Quote Originally Posted by Lowell View Post
Nvidia now has a virtual monopoly on them for provisioning the AI revolution. And their stock has gone out the roof. So important are their GPU chips that the US government bans export of their highest end chips to adversaries, China in particular.
The interesting thing about that is AMD and Intel both have equally capable GPU hardware, but in the last 10 years they've completely botched the software side of things, so everyone defaults to nVidia. AMD and Intel have gotten better as of late, but if you want to do serious AI work, nVidia hardware is the best for now. The other interesting thing is that Google and Amazon make their own AI accelerator chips for in-house use only, and I've heard they are better than nVidia hardware.

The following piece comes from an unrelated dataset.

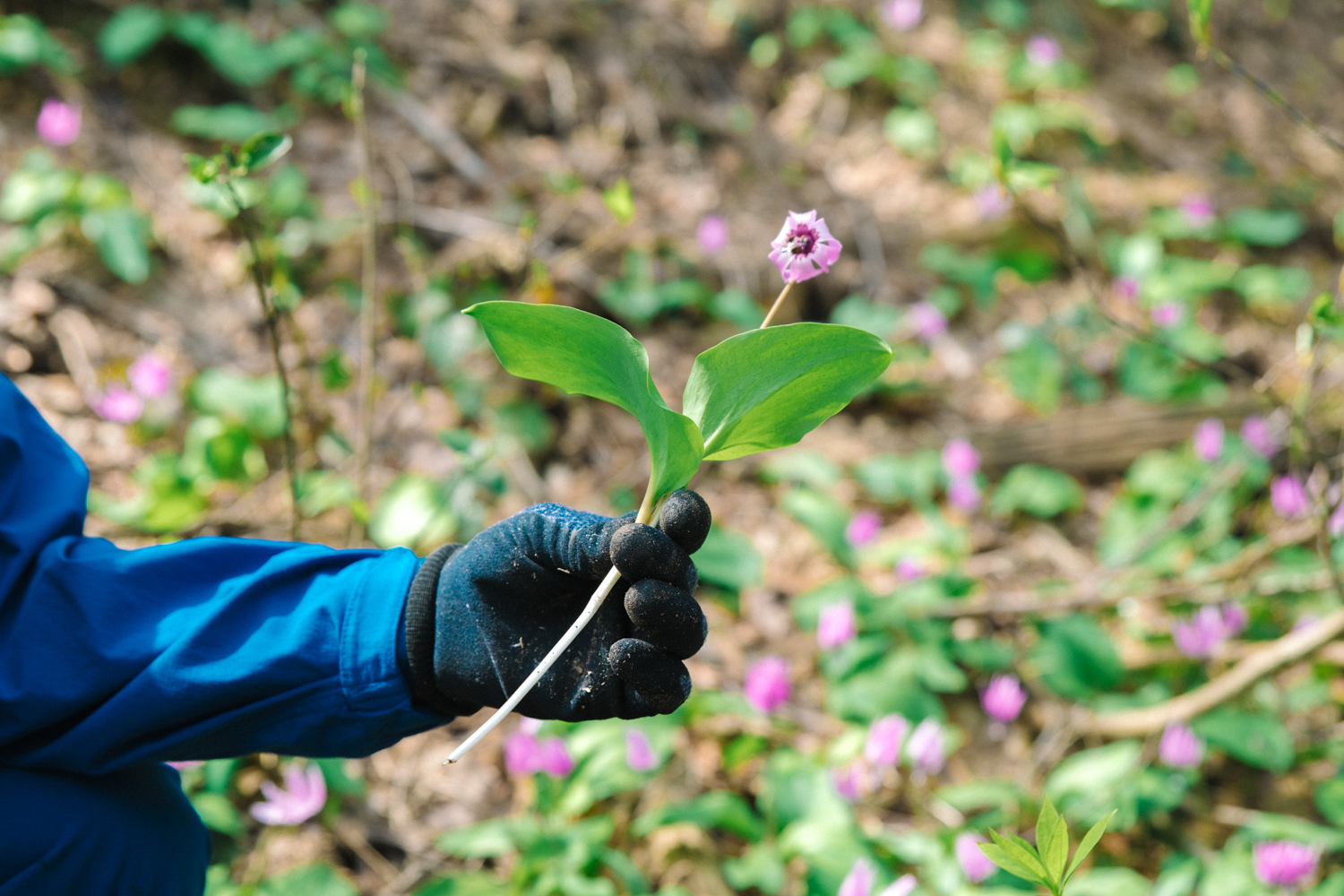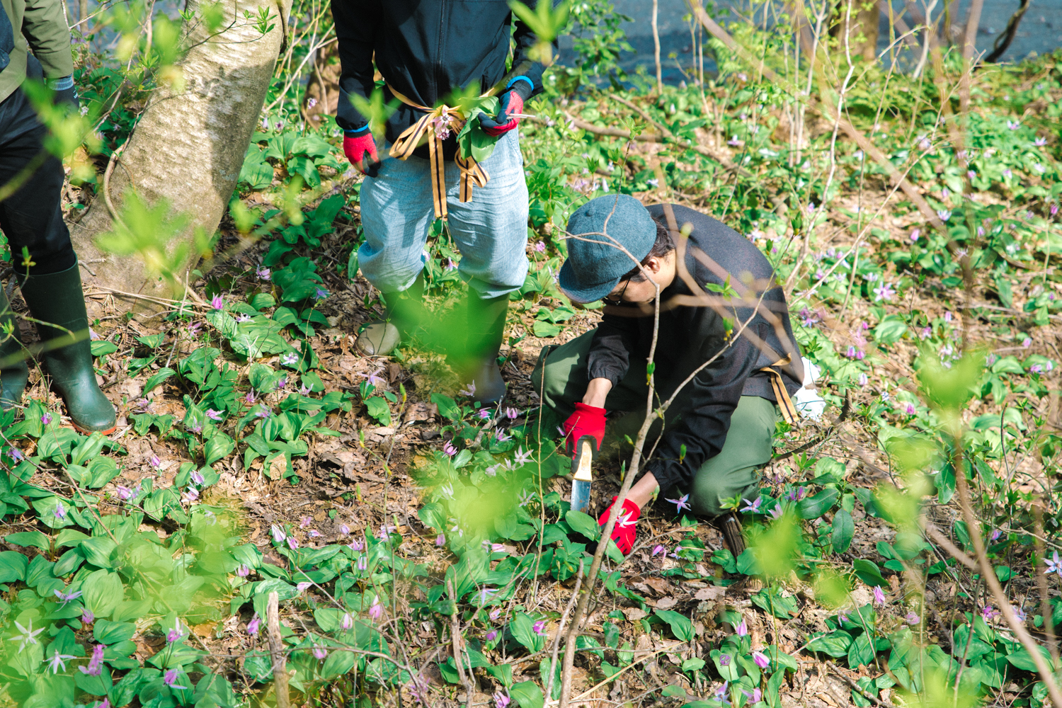「辺り一面のカタクリが咲くまでに、どのくらいの年月があったんだろうと想像しちゃいますよね。僕たちは、これだけ咲いている中から“一部を分けてもらう”という考え方をするべきなんだと思います」

On this front I, and I'm guessing you too JBMcB, am following the efforts toward creating personal agents, AI's that will be based on our private home computer systems that will serve as our own personal butlers, independent of and protected from internet based AI's and networks.
The software company I work for is looking at that, as are most other software companies. We want AI to analyze our source code to find optimizations and problems, but we don't want to hand that code over to Microsoft or Google, so we are working on running everything in-house.

I've seen where there are many instances of open-source AI's being offered by Meta, Google and others. Right now it takes some heavy hardware but the coding is becoming leaner and cleaner to the point where we will all have the option of our own personal AI's.
Depending on the model and what you want to do, running an AI takes a *lot* less hardware than training one. I could run a stripped-down version of ChatGPT on my mid-range machine and it would run OK. The thing that needs real horsepower is training the models, or getting them to learn. The latest version of ChatGPT took months to build on an enormous array of AI servers. Even doing basic lightweight training of a simple concept can take hours.

This is one of the main stumbling blocks to getting to generalized AI. As it stands, running a model is fairly easy in limited domains. ChatGPT can generate human-readable text fairly well, but it can't recognize pictures or do anything with video. Stable diffusion can recognize and create images to some degree of accuracy, but it doesn't understand text at all. None of the models can deal with abstract concepts very well, nor stacking more than a few concepts together at once. And, most importantly, none can learn in real-time. The on-line versions of ChatGPT cheat by culling the internet for updated information, but that doesn't get soaked into it's neural network. Doing that still takes days or weeks.

On top of that, we are nudging up against the physical limits of what we can do with computer chips. They are hitting the limit as to how small we can make them before the internal traces can't carry electricity. Quantum computers will work around this limitation, but general-purpose quantum computers are still quite a ways off. The most complex quantum machine has around 1,100 qbits, which is roughly equivalent to a transistor. A very basic adding machine needs around 2,000 transistors to function, so we are still a ways off from doing complex matrix operations on a quantum computer.